**WHAT IS EXPECTED:** Output, word for word, the lines of this listing that fall between the line with "Visit the #EBS" and the line with "开场之后,曼城就大举压上,开", counting both of those lines, and no others.

**DATA PROVIDED:**

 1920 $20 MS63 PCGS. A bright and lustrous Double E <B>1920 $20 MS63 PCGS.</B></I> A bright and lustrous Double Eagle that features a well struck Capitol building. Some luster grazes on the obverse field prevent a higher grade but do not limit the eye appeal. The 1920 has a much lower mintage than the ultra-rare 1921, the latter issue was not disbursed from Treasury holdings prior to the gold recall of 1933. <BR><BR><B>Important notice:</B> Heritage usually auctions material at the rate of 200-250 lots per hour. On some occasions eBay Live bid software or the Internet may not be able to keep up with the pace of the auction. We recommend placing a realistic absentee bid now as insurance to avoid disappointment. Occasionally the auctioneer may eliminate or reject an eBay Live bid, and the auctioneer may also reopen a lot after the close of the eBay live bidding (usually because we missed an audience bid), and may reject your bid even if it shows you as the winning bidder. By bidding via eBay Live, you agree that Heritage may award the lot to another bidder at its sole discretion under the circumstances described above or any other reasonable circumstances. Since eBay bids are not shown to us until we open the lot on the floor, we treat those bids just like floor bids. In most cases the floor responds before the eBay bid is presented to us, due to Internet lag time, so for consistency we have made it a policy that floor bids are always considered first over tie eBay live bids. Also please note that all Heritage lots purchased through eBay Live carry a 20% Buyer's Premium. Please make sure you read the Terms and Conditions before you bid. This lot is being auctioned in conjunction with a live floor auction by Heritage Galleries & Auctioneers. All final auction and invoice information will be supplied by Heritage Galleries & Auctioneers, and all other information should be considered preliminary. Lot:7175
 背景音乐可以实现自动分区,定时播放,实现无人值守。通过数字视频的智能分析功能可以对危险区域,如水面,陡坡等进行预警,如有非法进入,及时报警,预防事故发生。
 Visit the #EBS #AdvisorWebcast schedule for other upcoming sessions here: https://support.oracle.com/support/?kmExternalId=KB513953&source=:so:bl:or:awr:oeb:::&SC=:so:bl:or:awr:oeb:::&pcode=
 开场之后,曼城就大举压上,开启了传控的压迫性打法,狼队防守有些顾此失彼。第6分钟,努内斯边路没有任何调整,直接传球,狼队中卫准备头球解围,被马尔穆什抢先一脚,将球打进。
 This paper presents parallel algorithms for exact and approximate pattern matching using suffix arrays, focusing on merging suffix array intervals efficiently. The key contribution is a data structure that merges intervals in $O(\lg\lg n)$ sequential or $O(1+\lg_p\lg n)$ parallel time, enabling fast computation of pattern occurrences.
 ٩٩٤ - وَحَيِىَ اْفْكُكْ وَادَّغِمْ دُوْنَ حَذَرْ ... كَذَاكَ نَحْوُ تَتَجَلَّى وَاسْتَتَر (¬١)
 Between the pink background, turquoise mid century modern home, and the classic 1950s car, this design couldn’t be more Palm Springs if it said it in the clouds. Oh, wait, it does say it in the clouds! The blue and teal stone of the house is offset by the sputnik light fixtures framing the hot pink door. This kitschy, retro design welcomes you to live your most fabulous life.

**YOUR RESPONSE:**
 Visit the #EBS #AdvisorWebcast schedule for other upcoming sessions here: https://support.oracle.com/support/?kmExternalId=KB513953&source=:so:bl:or:awr:oeb:::&SC=:so:bl:or:awr:oeb:::&pcode=
 开场之后,曼城就大举压上,开启了传控的压迫性打法,狼队防守有些顾此失彼。第6分钟,努内斯边路没有任何调整,直接传球,狼队中卫准备头球解围,被马尔穆什抢先一脚,将球打进。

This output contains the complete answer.